1981 yılında Yunanistan, 1986 yılında Portekiz ve İspanya’nın Birliğe girişiyle üye sayısı 10’a yükselmiştir. Bu üç ülke diktatörlük rejimi yaşamıştı ve kurdukları yeni demokrasinin Topluluk içinde güçlenmesini istiyordu. Ayrıca üç ülke Topluluk ortalamasına kıyasla yoksuldu ve ekonomik büyüme ve reformlar için geniş piyasaya ve finansmana gereksinimleri vardı. Aynı zamanda bu ülkelerin ekonomilerinde tarım önemli yere sahipti ve Birliğe girişleri, tarım alanında harcamaların arttırılması anlamına geliyordu. Güney genişlemesi, beraberinde derinleşmeyi de getirmiştir. Tek Avrupa Senedi (1987) ile Tek Pazar’ın tamamlanması için gereken zemin hazırlanmıştı. Nitelikli Oy Çoğunluğu’nun kullanıldığı alanların arttırılmış ve demokratik meşruiyeti güçlendirmek amacıyla Avrupa Parlamentosu’nun yasama ve diğer karar prosedürlerinde daha etkin rol alması sağlanmıştır.

 

İkinci ve üçüncü genişlemeleri takiben sosyal politikayı güçlendiren, yoksul bölgelerle dayanışmanın arttırılmasını öngören kararlar alınmıştır.
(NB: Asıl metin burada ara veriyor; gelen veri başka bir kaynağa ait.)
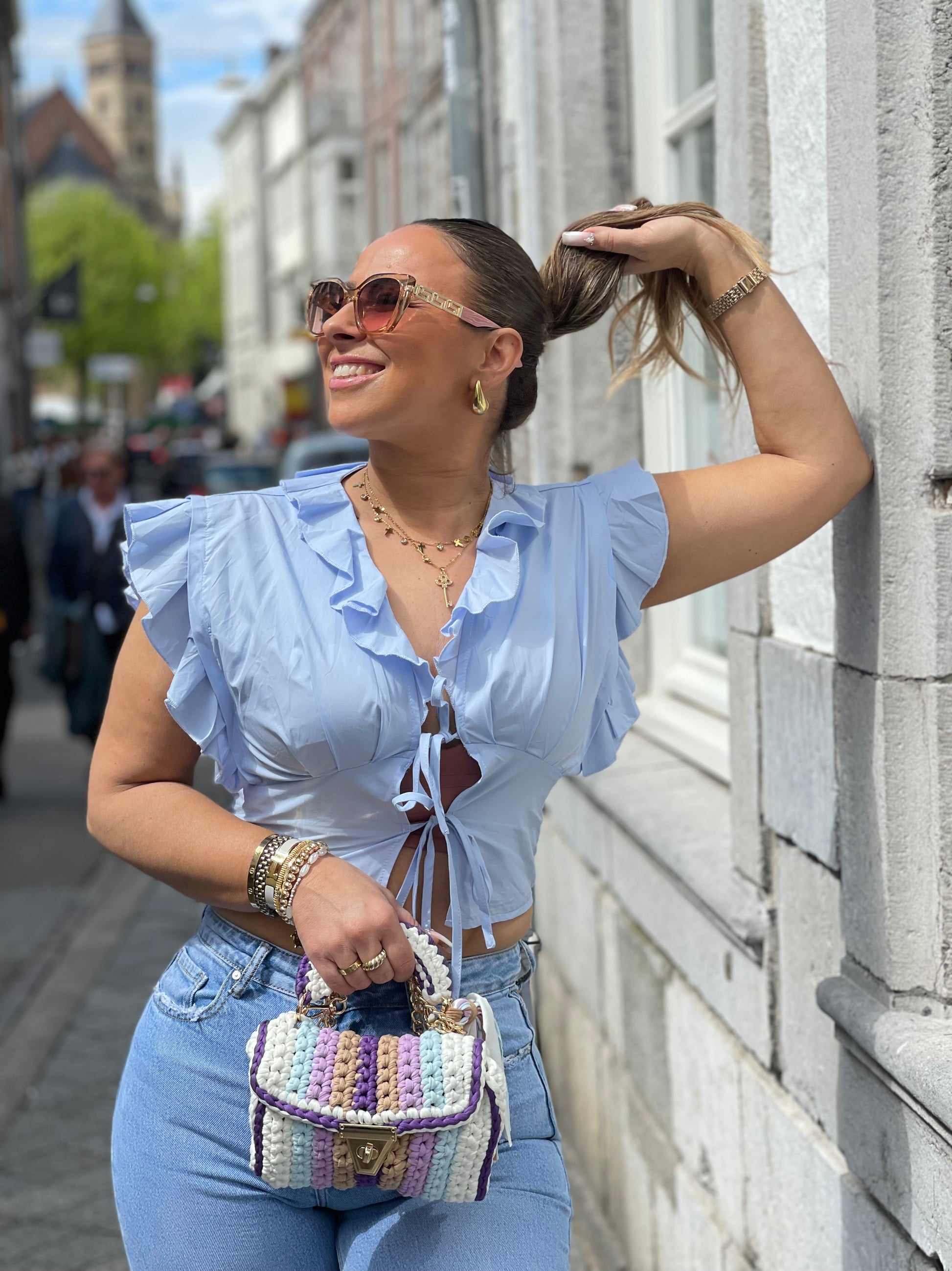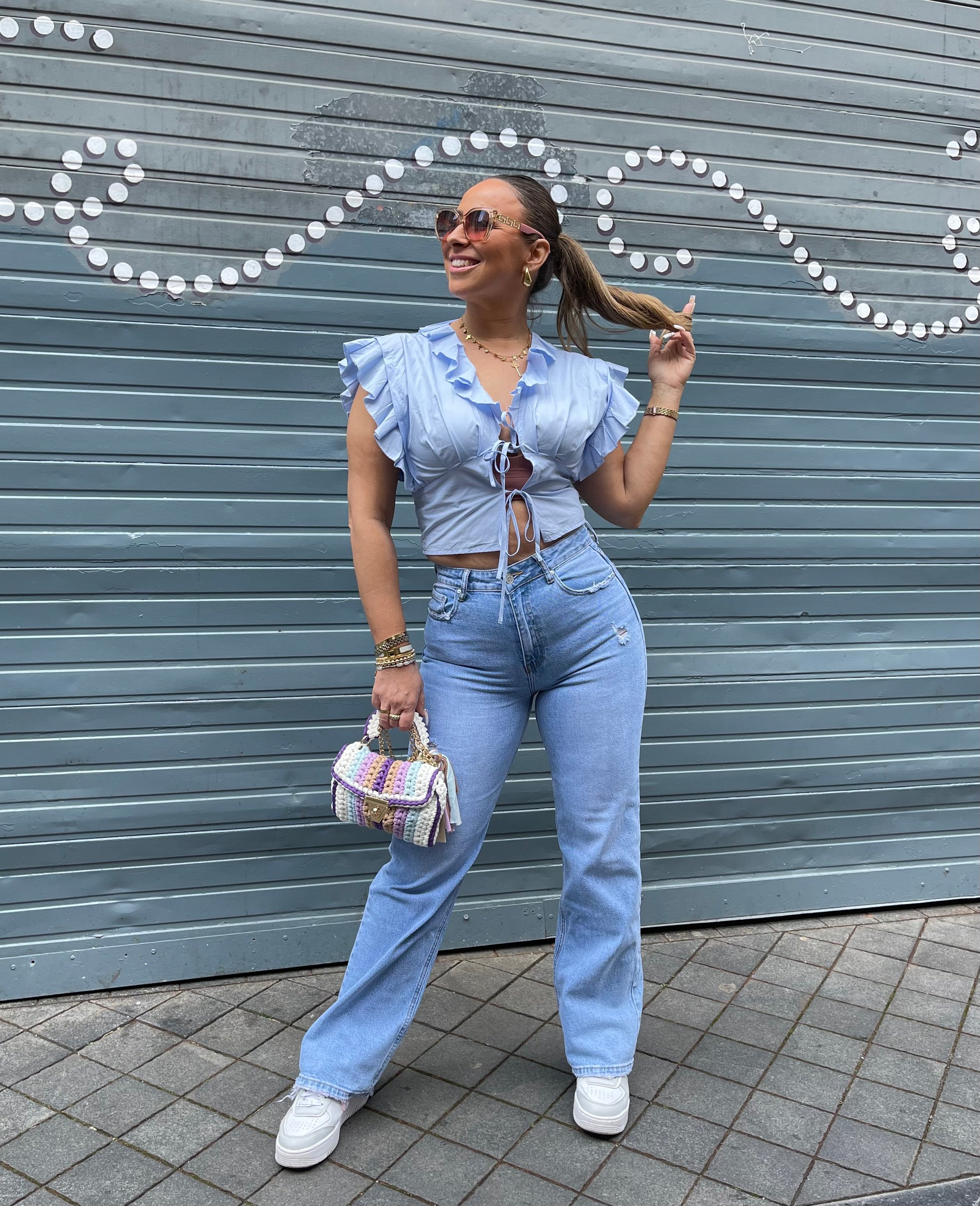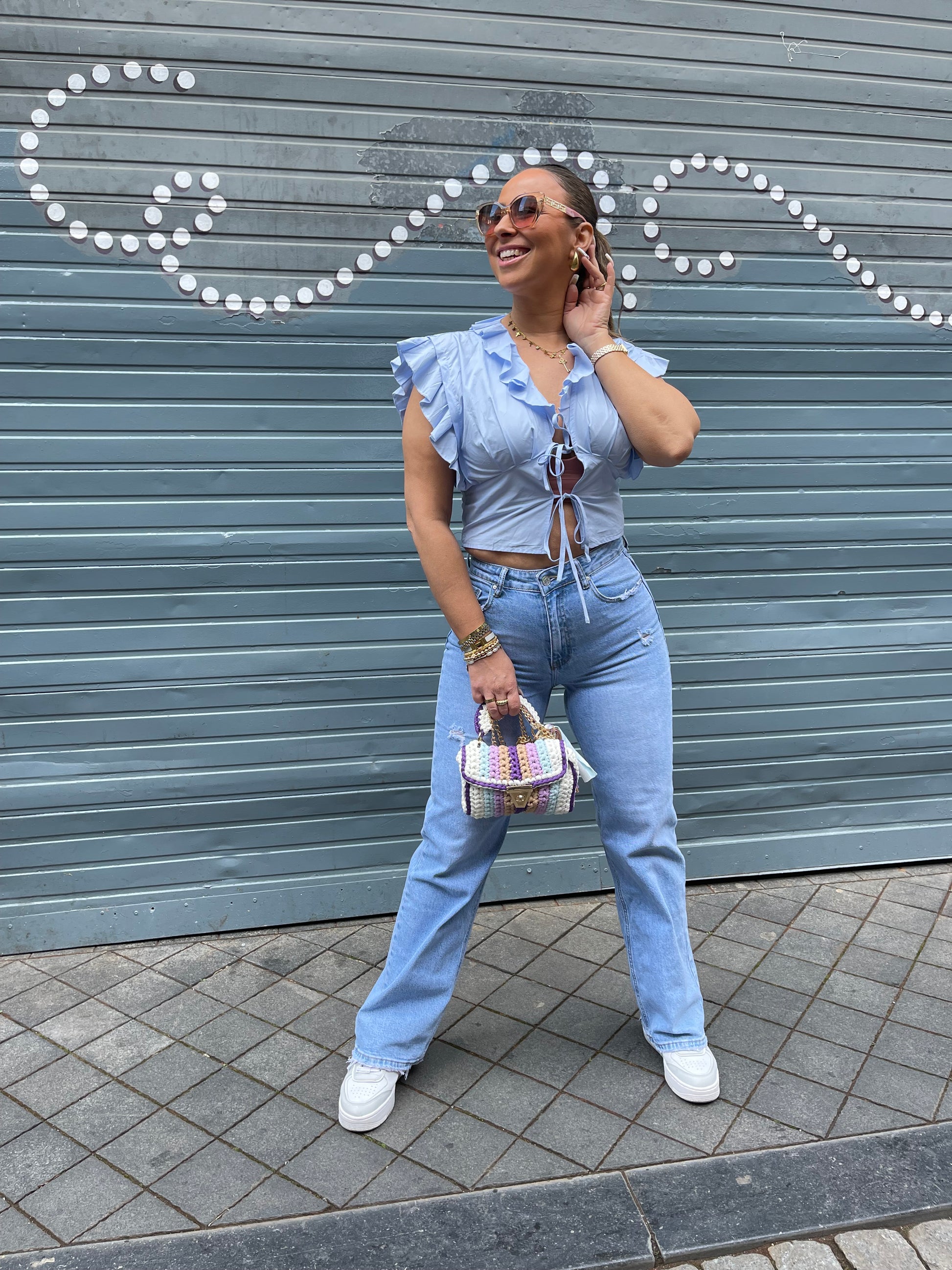 Too cute a bag to style all your summer looks with. The bag also has a gold strap so you can also wear it as a crossbody.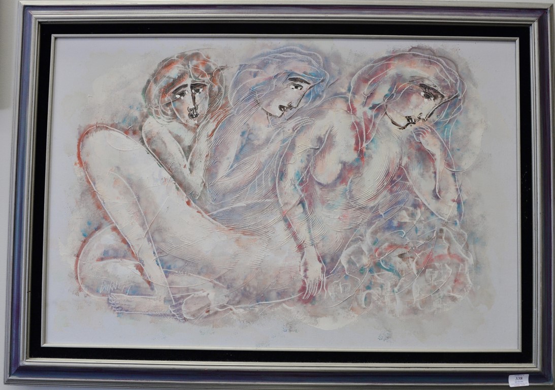 Lot 338: Calvin Waller Burnett 1921-2007, oil on canvas, Three Nude Figures, signed lower left: Burnett, 24 x 36.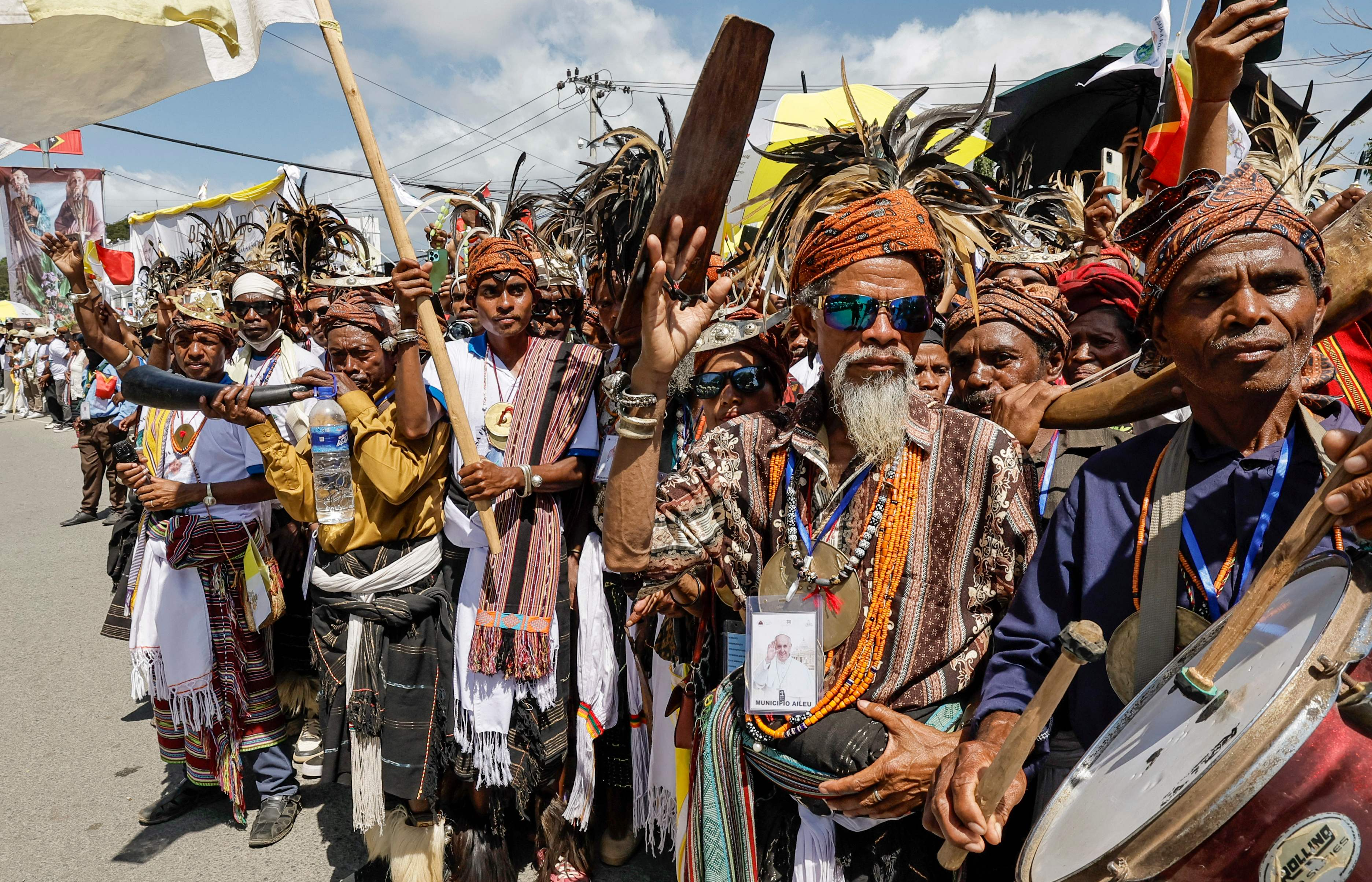 9์ผ(ํ˜„์ง€์‹œ๊ฐ) ๋™ํ‹ฐ๋ชจ๋ฅด ์ˆ˜๋„ ๋”œ๋ฆฌ ๊ฑฐ๋ฆฌ๋ฅผ ๊ฐ€๋“ ๋ฉ”์šด ๊ฐ€ํ†จ๋ฆญ ์‹ ์ž๋“ค์ด ๊ธฐ๋‹ค๋ฆฌ๋Š” ์‚ฌ๋žŒ์€ ํ”„๋ž€์น˜์Šค์ฝ” ๊ตํ™ฉ์ž…๋‹ˆ๋‹ค. ๋™ํ‹ฐ๋ชจ๋ฅด๋Š” ํฌ๋ฅดํˆฌ๊ฐˆ์— ์ด์–ด ์ธ๋„๋„ค์‹œ์•„์—๊ฒŒ ์ ๋ น๋‹นํ–ˆ๋‹ค๊ฐ€ 2002๋…„ ๋…๋ฆฝํ–ˆ์ฃ . ๋…๋ฆฝ ๋’ค ๊ตํ™ฉ์ด ๋ฐฉ๋ฌธํ•œ ๊ฑด ์ด๋ฒˆ์ด ์ฒ˜์Œ์ธ๋ฐ์š”. ๋™ํ‹ฐ๋ชจ๋ฅด ์ธ๊ตฌ 130๋งŒ๋ช… ์ค‘ 98%๋Š” ๊ฐ€ํ†จ๋ฆญ ์‹ ์ž์ž…๋‹ˆ๋‹ค.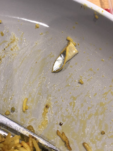 Read moreWas dissapointed after reading positive reviews and having such a bad experience. Ordered for delivery, which arrived late. On the menu it told us to put which naan we wanted in the comments, comments were clearly ignored as the naan wasn't sent with the order. Onion bhajis were overcooked and dry. I had the vegi korma and towards the end of my meal I noticed something hard and unchewable in a mouthful, turns out it was some packaging, seems to be cardboard with foil, maybe the edge of a milk carton? I Attached a picture, your guess is as...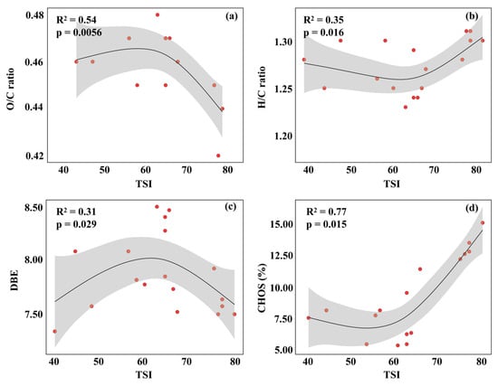 The GAM model results revealed that the H/C ratio, O/C ratio, double bond equivalency (DBE), and the proportion of CHOS molecules (CHOS%) of DOM molecules exhibit strong nonlinear correlations with the TSI (p < 0.05). Specifically, the O/C ratio shows a positive correlation with the TSI initially, followed by a negative correlation when the TSI exceeds 70 (R2 = 0.54, p = 0.0056; Figure 3a). The O/C ratio is a key parameter for characterizing the oxidation state and chemical composition of DOM molecules [108]. A higher O/C ratio typically indicates a greater degree of oxidation, characterized by an increased presence of polar functional groups, such as carboxyl and hydroxyl groups, which enhance the water solubility and reactivity of DOM [20,43]. This ratio also provides insights into the source of DOM; for example, terrestrial plant-derived organic matter typically exhibits a higher O/C ratio compared to algal-derived DOM [25]. Liu et al. (2020) investigated the O/C ratios of DOM from eutrophic Lake Taihu water-, macrophyte-, algae- and sediment-derived DOM and found that water- and macrophyte-derived DOM had higher O/C ratios compared to algal- and sediment-derived DOM [151]. The downward shift in the O/C ratio observed in our dataset when the TSI exceed 70 suggests a shift in the DOM source from terrestrial-dominant to algal-dominant in freshwater systems. Similarly, He et al. (2022) observed a similar pattern, where the O/C ratio increased and then decreased with increasing eutrophication across different sites in two eutrophic rivers [43].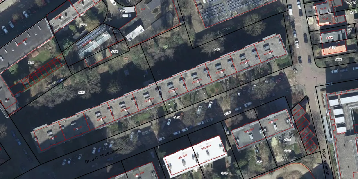 Dr. J.C. Hartogslaan 27-2 is gelegen op kadastraal perceel AHM01R6355. Deze kadastrale aanduiding is uniek en wordt gebruikt door het Kadaster om eigendomsrechten en andere zakelijke rechten vast te leggen. Het perceel maakt onderdeel uit van de kadastrale gemeente Arnhem.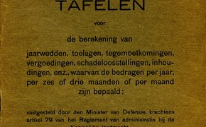 Voorschrift betreffende de berekening en uitbetaling van de bezoldiging van het personeel der 1e divisie : Ministeriële beschikking van 30 maart 1946, afd. BII, nr. … Tabellen voor de berekening van de aan weddegenietende militairen uit te betalen bezoldiging, enz. Ingaande 1 Januari 1957 / Koninklijke Landmacht en Koninklijke Luchtmacht Tafelen voor de berekening van jaarwedden, toelagen, tegemoetkomingen, vergoedingen, schadeloosstellingen, inhoudingen enz., waarvan de bedragen per jaar, per zes of drie maanden of per maand … Berekening van spillages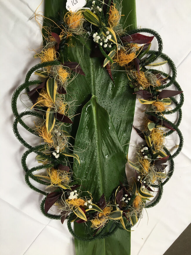 コナコーヒーの試飲コーナー、ティーリーフの作品作りコーナー、ハンドメイド作品の販売ブース、レイの人気投票、などなど。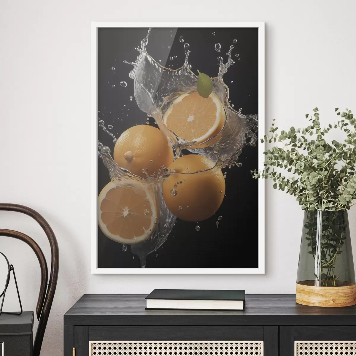 Poster Naranjas jugosas en salpicaduras de agua Nr f45526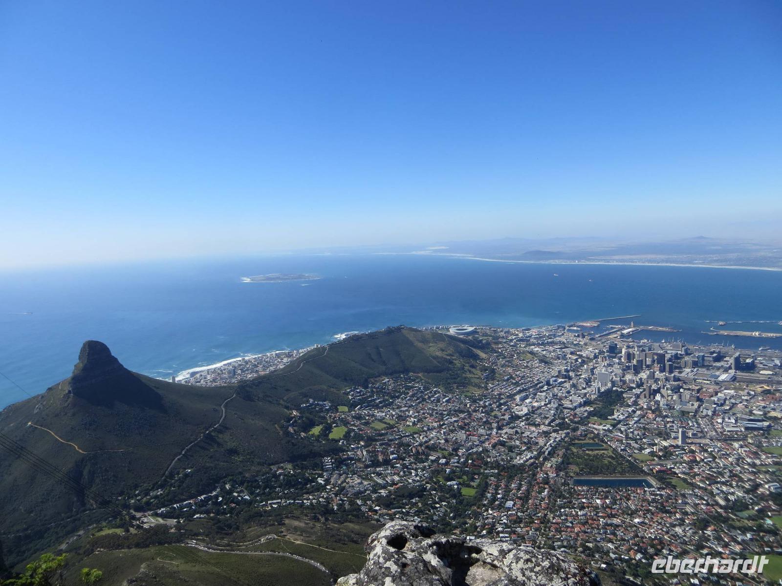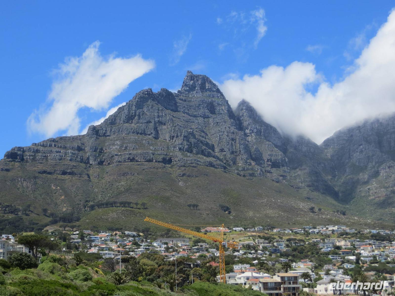 Danach fahren wir zurück nach Kapstadt. Wir sehen, dass der Tafelberg mit einer dünnen Wolkendecke bedeckt ist und hoffen, dass das Wetter uns am nächsten Tag wohlgesonnen ist und wir hinauffahren können. Das ist immer ein spannendes Thema, denn das Wetter ändert sich hier schnell und es darf oben nicht zu windig sein, damit die Seilbahn fahren kann.

Dördüncü genişleme öncesinde, AB Antlaşması (Maastricht) 1992 yılında imzalanmış ve Avrupa Birliği’ni kurma kararı alınmıştır. Maastricht Antlaşması; Ekonomik ve Parasal Birlik için bir dizi önlemin yanı sıra, ikincillik prensibi ve AB vatandaşlığı kavramlarını getirmiştir. Ortak dış ve güvenlik politikasının oluşturulması, adalet ve içişlerinde daha yakın işbirliği, Bölgesel Komitesi’nin kurulması kararları alınmış ve AB’nin üç sütunlu yapısı oluşturulmuştur. Soğuk Savaş’ın bitişiyle AB’nin genişlemesi hız kazanmıştır. Soğuk Savaş sonrası ilk genişleme 1995 yılında İsveç, Finlandiya ve Avusturya’nın Birliğe katılımıyla gerçekleşmiştir. Refah düzeyleri AB ortalamasının üzerinde olan EFTA ve EEA üyesi olan bu üç ülke, Soğuk Savaş sonrası tarafsız kalmanın önemini yitirmesi nedeniyle ve güvenlik ve ekonomi politikalarında söz sahibi olabilmek için Birliğe başvurmuştur. AB müzakerelerindeki pazarlık süreçlerinde verilen tavizlerin ve uzlaşmaların büyük ölçüde AB’nin lokomotifi konumundaki kilit ülkelerin önceliklerini yansıttığı, söylenebilir. Dördüncü genişlemeyi, ekonomik ve parasal birlik alanında gelişmeler, dış politika ve adalet ve içişleri alanlarında ise yeni politika alanlarının oluşturulması izlemiştir. 1997 yılında gerçekleştirilen Hükümetler arası Konferans’ta hazırlıkları tamamlanan Amsterdam Antlaşması ile Parlamento’ya Komisyonu feshetme hakkı verilmiş ve genişlemeyi de içeren antlaşmalar konusunda Parlamento’nun rızasının alınması gereği getirilmiştir. Amsterdam Antlaşması, Schengen düzenlemesini, Birliğin kurumsal çerçevesine dahil etmektedir.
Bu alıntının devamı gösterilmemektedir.